Currently a Sipp can only be used to invest in commercial property (with a few small exceptions), but after April 6th - or "A-Day" - residential property, both in the UK and overseas, can be invested in with accompanying tax relief.
Under the new scheme property can be purchased with income tax paid back, meaning a higher-rate taxpayer could effectively buy a £200,000 property for £120,000. Taxpayers on the standard rate of 22 per cent would pay £156,000 for the same property.
New work by Rics predicts a steady flow of property into Sipps, with up to 160,000 extra residential property purchases made over the three years following the changes.
But this inflow of property investors looks set to be focused on areas of the property market that are already climbing.
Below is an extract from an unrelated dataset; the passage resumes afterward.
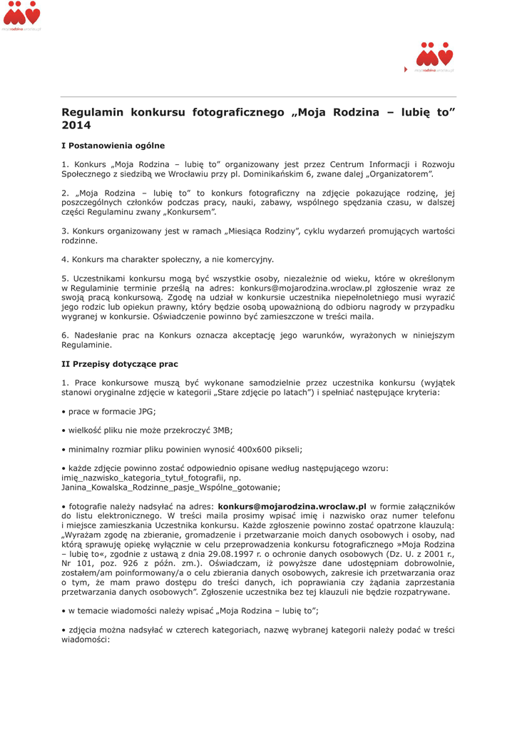 Regulamin konkursu fotograficznego „Moja Rodzina – lubię to” 2014 I Postanowienia ogólne 1. Konkurs „Moja Rodzina – lubię to” organizowany jest przez Centrum Informacji i Rozwoju Społecznego z siedzibą we Wrocławiu przy pl. Dominikańskim 6, zwane dalej „Organizatorem”. 2. „Moja Rodzina – lubię to” to konkurs fotograficzny na zdjęcie pokazujące rodzinę, jej poszczególnych członków podczas pracy, nauki, zabawy, wspólnego spędzania czasu, w dalszej części Regulaminu zwany „Konkursem”. 3. Konkurs organizowany jest w ramach „Miesiąca Rodziny”, cyklu wydarzeń promujących wartości rodzinne. 4. Konkurs ma charakter społeczny, a nie komercyjny. 5. Uczestnikami konkursu mogą być wszystkie osoby, niezależnie od wieku, które w określonym w Regulaminie terminie prześlą na adres: [email protected] zgłoszenie wraz ze swoją pracą konkursową. Zgodę na udział w konkursie uczestnika niepełnoletniego musi wyrazić jego rodzic lub opiekun prawny, który będzie osobą upoważnioną do odbioru nagrody w przypadku wygranej w konkursie. Oświadczenie powinno być zamieszczone w treści maila. 6. Nadesłanie prac na Konkurs oznacza akceptację jego warunków, wyrażonych w niniejszym Regulaminie. II Przepisy dotyczące prac 1. Prace konkursowe muszą być wykonane samodzielnie przez uczestnika konkursu (wyjątek stanowi oryginalne zdjęcie w kategorii „Stare zdjęcie po latach”) i spełniać następujące kryteria: • prace w formacie JPG; • wielkość pliku nie może przekroczyć 3MB; • minimalny rozmiar pliku powinien wynosić 400x600 pikseli; • każde zdjęcie powinno zostać odpowiednio opisane według następującego wzoru: imię_nazwisko_kategoria_tytuł_fotografii, np. Janina_Kowalska_Rodzinne_pasje_Wspólne_gotowanie; • fotografie należy nadsyłać na adres: [email protected] w formie załączników do listu elektronicznego. W treści maila prosimy wpisać imię i nazwisko oraz numer telefonu i miejsce zamieszkania Uczestnika konkursu. Każde zgłoszenie powinno zostać opatrzone klauzulą: „Wyrażam zgodę na zbieranie, gromadzenie i przetwarzanie moich danych osobowych i osoby, nad którą sprawuję opiekę wyłącznie w celu przeprowadzenia konkursu fotograficznego »Moja Rodzina – lubię to«, zgodnie z ustawą z dnia 29.08.1997 r. o ochronie danych osobowych (Dz. U. z 2001 r., Nr 101, poz. 926 z późn. zm.). Oświadczam, iż powyższe dane udostępniam dobrowolnie, zostałem/am poinformowany/a o celu zbierania danych osobowych, zakresie ich przetwarzania oraz o tym, że mam prawo dostępu do treści danych, ich poprawiania czy żądania zaprzestania przetwarzania danych osobowych”. Zgłoszenie uczestnika bez tej klauzuli nie będzie rozpatrywane. • w temacie wiadomości należy wpisać „Moja Rodzina – lubię to”; • zdjęcia można nadsyłać w czterech kategoriach, nazwę wybranej kategorii należy podać w treści wiadomości: „Rodzinne pasje” – fotografia rodzinna przedstawiająca wspólną zabawę, uprawianie sportu, realizowanie hobby, zainteresowań, spędzanie czasu w sposób kreatywny. „Rodzina wielopokoleniowo” – fotografia rodzinna przedstawiająca generacje młodsze i starsze. „Stare zdjęcie po latach” – zestawienie oryginalnego zdjęcia, wykonanego w przeszłości (np. w dzieciństwie) ze współczesną wersją, czyli te same osoby w podobnych strojach, postawach oraz na podobnym tle (plik powinien zawierać zestawienie obu zdjęć) (przykład: http://bi.gazeta.pl/im/90/66/d3/z13854352Q,Po-latach-spotkali-sie--aby-odtworzyc-starezdjeci.jpg). „Z rodziną na co dzień i od święta” – tradycyjna fotografia rodzinna przedstawiająca jej członków. „Rodzinne wakacje” - zdjęcie przedstawiające rodzinę podczas wakacji, niezależnie czy nad morzem, czy w górach, lub nad jeziorem czy w domowym ogródku. • każdy uczestnik konkursu może nadesłać maksymalnie jedną fotografię w każdej kategorii; • zdjęcia zostaną opublikowane na stronie: facebook.com/mojarodzinawroclaw po zakończeniu etapu nadsyłania zdjęć (01.09, godzina 12.00) w albumach odpowiednich do każdej kategorii, zdjęcia będą opatrzone tytułem umieszczonym przez uczestnika konkursu w nazwie pliku; • zwycięzców konkursu po ogłoszeniu wyników poprosimy o dostarczenie zdjęć w większym rozmiarze. III Terminy 1. Konkurs trwa od 1 czerwca do 15 września. 2. Pierwszy etap, czyli nadsyłanie prac, trwa od 1 czerwca do 31 sierpnia, do godz. 23.59. 3. Drugi etap, czyli głosowanie na stronie facebook.com/mojarodzinawroclaw trwa od 1 września, godz. 12.00 do 15 września, godz. 12.00. 6. Zwycięzców konkursu poznamy we wrześniu. 7. Zwycięzcy konkursu zostaną powiadomieni o wygranej przez jednokrotne wysłanie wiadomości na adres e-mail Uczestnika lub telefonicznie na numer podany w zgłoszeniu. Lista zwycięzców będzie też ogłaszana na stronie internetowej mojarodzina.wroclaw.pl. IV Głosowanie 1. Głosowanie będzie się odbywać na stronie facebook.com/mojarodzinawroclaw w terminie od 1 września, godz. 12.00, do 15 września, godz. 12.00. 2. Głosować będą użytkownicy portalu Facebook, poprzez zaznaczenie opcji „Lubię to” pod wybranym zdjęciem. 3. Zdjęcie z największą liczbą polubień wygrywa w danej kategorii. Wedle liczby polubień miejsce drugie i trzecie zajmują kolejne osoby. 4. Dopuszczalne są wszelkie formy promowania swojego zdjęcia. V Nagrody i wyróżnienia 1. W konkursie przewidziane są nagrody dla laureatów pierwszego, drugiego i trzeciego miejsca w każdej kategorii. 2. Wygrane zdjęcia zostaną opublikowane na portalu mojarodzina.wroclaw.pl. 3. W konkursie przewidziane są nagrody rzeczowe, m.in. sesje zdjęciowe dla całej rodziny, wejściówki do instytucji kulturalnych oraz prorodzinnych miejsc we Wrocławiu. 4. Nagroda rzeczowa nie podlega zamianie na inną ani zamianie na ekwiwalent pieniężny. 5. Przyjmuje się, że osobą uprawnioną do

Overall, 51 per cent of surveyors expect house prices to rise after A-Day, but this figure rises to 71 per cent of surveyors in the north and 69 per cent in Scotland - compared with 41 per cent in the south east.
But the impact will be smaller than many predict.
"Reports of a mad rush of property to Sipps are exaggerated. The size of the housing market means that demand can be readily absorbed in most areas," said Rics chief executive, Louis Armstrong.
Fewer than one per cent of chartered surveyor estate agents predict a large rise in house prices.
The Rics report also expresses concern over possible mis-selling with 'property pensions' and advises everyone thinking of taking out this option to consult a qualified independent financial advisor before making any important decisions on a financial product.
Rics areas of concern include:
- The current uncertainty over the detail of the Sipp rules.
- Pensions that are over-exposed to property.
- Administrative costs.
- Pensions mis-sold through, for example, unregulated property investment clubs.